Beijing initially called last week's incident in which 35 people were killed a "terrorist attack".
Xinjiang is home to the mainly Muslim Uighur people who speak a Turkic language. Many deeply resent what they call Chinese government restrictions on their culture, language and religion. Beijing accuses extremists of separatism.
The animosity between the majority Han Chinese and the Uighurs poses a major challenge for China's Communist Party leaders. President Xi Jinping, who took office in March, has called for the unity of all ethnic groups in China.
According to reports on the government website of Xinjiang and the state news agency Xinhua, last week's attacks occurred after police arrested a member of the gang.
The next day the same gang went on a rampage in the remote township of Lukqun, about 200 km (120 miles) southeast of Xinjiang's capital of Urumqi.
The group attacked a police station, shops and a construction site.
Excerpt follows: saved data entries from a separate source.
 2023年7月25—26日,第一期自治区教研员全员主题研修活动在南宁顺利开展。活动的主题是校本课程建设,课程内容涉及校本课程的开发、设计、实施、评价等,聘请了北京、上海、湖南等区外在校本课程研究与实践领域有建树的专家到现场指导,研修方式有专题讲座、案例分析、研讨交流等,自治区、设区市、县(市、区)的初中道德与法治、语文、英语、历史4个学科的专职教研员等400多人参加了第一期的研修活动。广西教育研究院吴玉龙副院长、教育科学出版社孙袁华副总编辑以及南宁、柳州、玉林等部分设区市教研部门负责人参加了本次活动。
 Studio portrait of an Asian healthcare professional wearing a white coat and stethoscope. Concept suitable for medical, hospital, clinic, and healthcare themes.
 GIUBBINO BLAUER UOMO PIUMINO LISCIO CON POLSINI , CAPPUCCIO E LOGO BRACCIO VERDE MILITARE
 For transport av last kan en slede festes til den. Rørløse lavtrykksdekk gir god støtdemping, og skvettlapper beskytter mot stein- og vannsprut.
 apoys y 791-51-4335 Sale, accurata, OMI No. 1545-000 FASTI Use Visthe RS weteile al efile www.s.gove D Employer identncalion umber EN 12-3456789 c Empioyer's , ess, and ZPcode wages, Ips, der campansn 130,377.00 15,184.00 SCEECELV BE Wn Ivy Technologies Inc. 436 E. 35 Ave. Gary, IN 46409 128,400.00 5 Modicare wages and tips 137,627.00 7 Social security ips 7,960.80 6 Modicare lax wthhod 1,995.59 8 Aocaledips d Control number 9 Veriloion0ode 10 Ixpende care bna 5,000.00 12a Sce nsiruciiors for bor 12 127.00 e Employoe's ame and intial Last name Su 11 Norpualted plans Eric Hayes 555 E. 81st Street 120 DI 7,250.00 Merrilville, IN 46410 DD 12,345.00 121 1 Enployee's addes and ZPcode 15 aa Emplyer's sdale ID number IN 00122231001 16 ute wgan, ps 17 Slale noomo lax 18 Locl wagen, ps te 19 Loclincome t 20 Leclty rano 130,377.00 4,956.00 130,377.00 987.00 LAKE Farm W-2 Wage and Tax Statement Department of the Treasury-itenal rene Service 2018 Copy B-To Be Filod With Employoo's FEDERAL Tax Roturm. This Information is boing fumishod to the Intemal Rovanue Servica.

Twenty-four civilians, both Uighur and Han Chinese, and police were killed, along with 11 gang members.
"Since February, Ahmatniyaz Siddiq and others were engaged in religious extremist activities, listening to violent terrorist recordings," said the reports.
"They formed a violent terrorist group of 17 members, and since mid-June were raising money, and buying knives, gasoline and other tools for crime."
Last week's killings marked the deadliest unrest since July 2009, when nearly 200 people were killed in riots pitting Uighurs against ethnic Chinese in the region's capital Urumqi.
"Terrorist organisations should be aware that the Chinese nation and its people are determined to safeguard the country's territorial integrity and national unity against all enemies," Xinhua said in a separate commentary on Sunday.
"Any attempt to sabotage will eventually fail."
Two days after the deadly attack, more than a hundred people, riding motorbikes and wielding knives, attacked a police station in Xinjiang, state media reported.